> **EXERCISE MATERIALS**:
-------

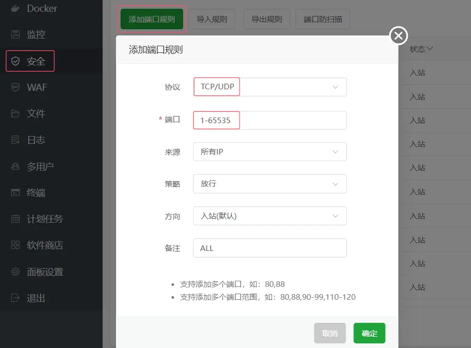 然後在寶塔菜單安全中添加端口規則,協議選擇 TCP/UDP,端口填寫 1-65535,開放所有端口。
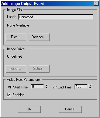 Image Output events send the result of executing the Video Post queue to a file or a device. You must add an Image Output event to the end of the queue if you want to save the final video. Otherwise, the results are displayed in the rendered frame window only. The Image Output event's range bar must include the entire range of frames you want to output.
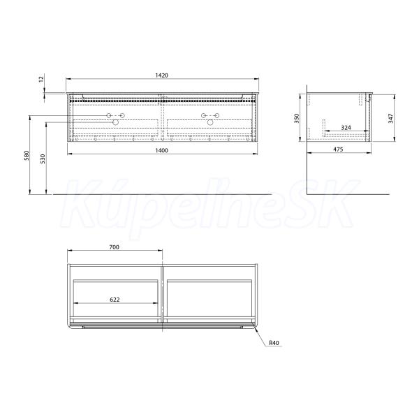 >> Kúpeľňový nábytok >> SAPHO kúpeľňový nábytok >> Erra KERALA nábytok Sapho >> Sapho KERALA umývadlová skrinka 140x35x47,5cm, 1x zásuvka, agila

-------

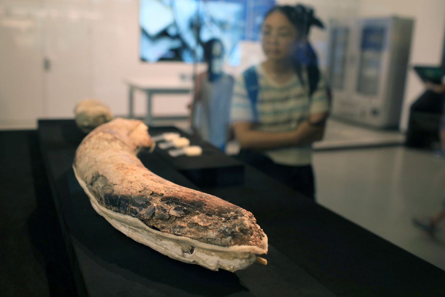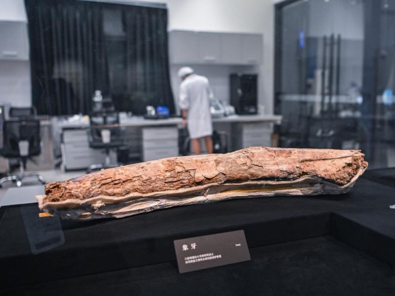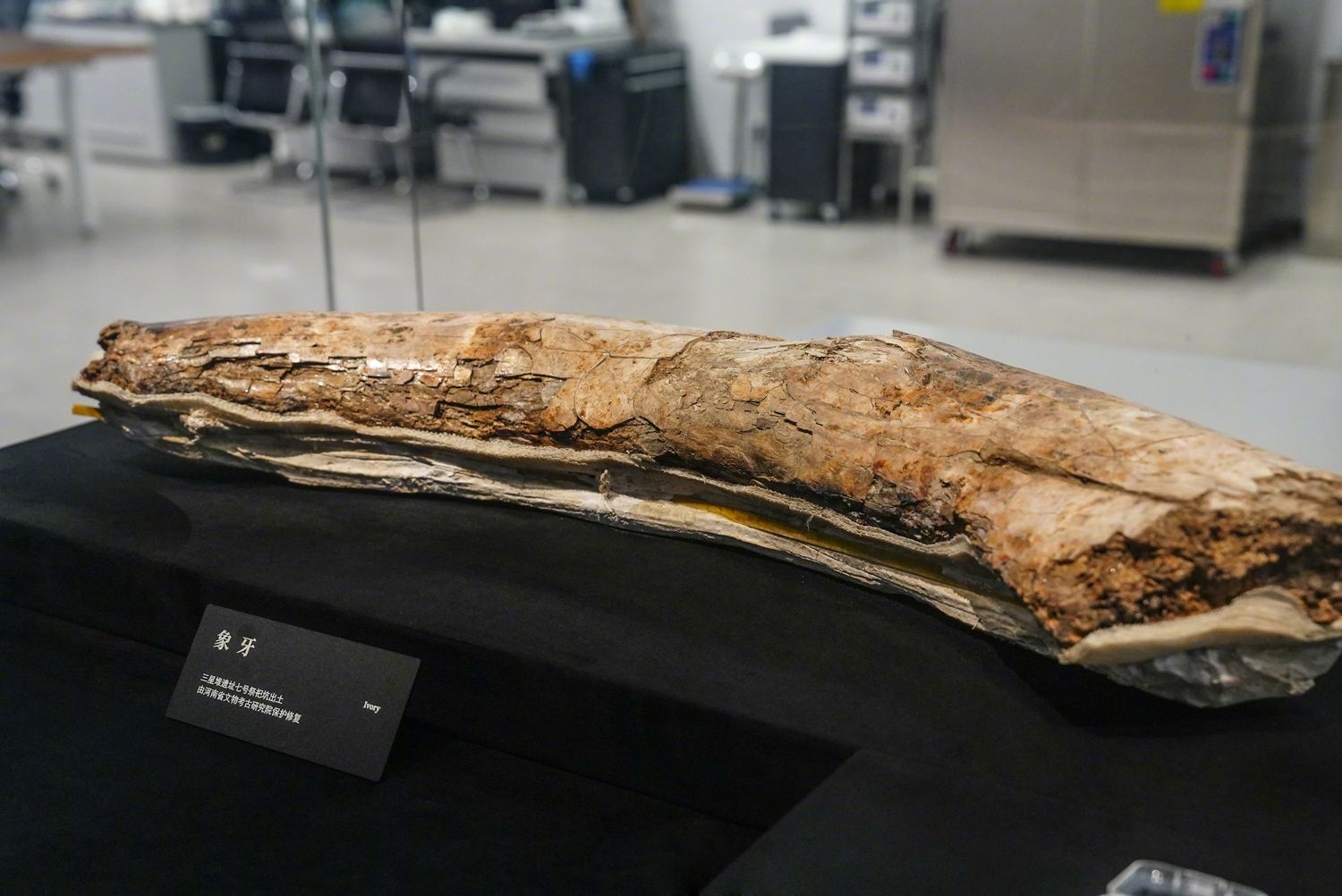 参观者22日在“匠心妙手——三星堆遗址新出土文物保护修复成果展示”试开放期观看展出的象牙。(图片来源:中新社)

-------

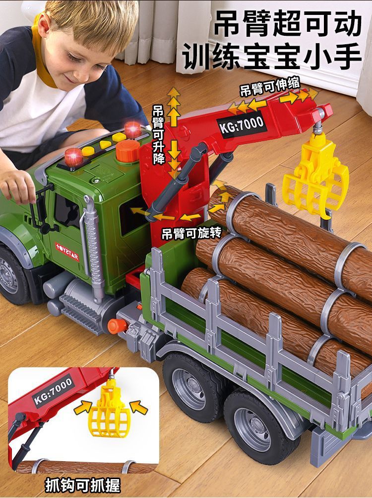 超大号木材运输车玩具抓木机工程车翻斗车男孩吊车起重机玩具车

-------

> **WHAT TO PRODUCE**:
In the data above, find the line containing "然後在寶塔菜單安全中添加端口規則,協議選擇 TCP/UDP,端口填寫 1-65535,開放所有端口。" and the line containing "1x zásuvka, agila". Repeat those two lines and everything between them exactly, minus the pictures.

> **REPLY**:
 然後在寶塔菜單安全中添加端口規則,協議選擇 TCP/UDP,端口填寫 1-65535,開放所有端口。
 Image Output events send the result of executing the Video Post queue to a file or a device. You must add an Image Output event to the end of the queue if you want to save the final video. Otherwise, the results are displayed in the rendered frame window only. The Image Output event's range bar must include the entire range of frames you want to output.
 >> Kúpeľňový nábytok >> SAPHO kúpeľňový nábytok >> Erra KERALA nábytok Sapho >> Sapho KERALA umývadlová skrinka 140x35x47,5cm, 1x zásuvka, agila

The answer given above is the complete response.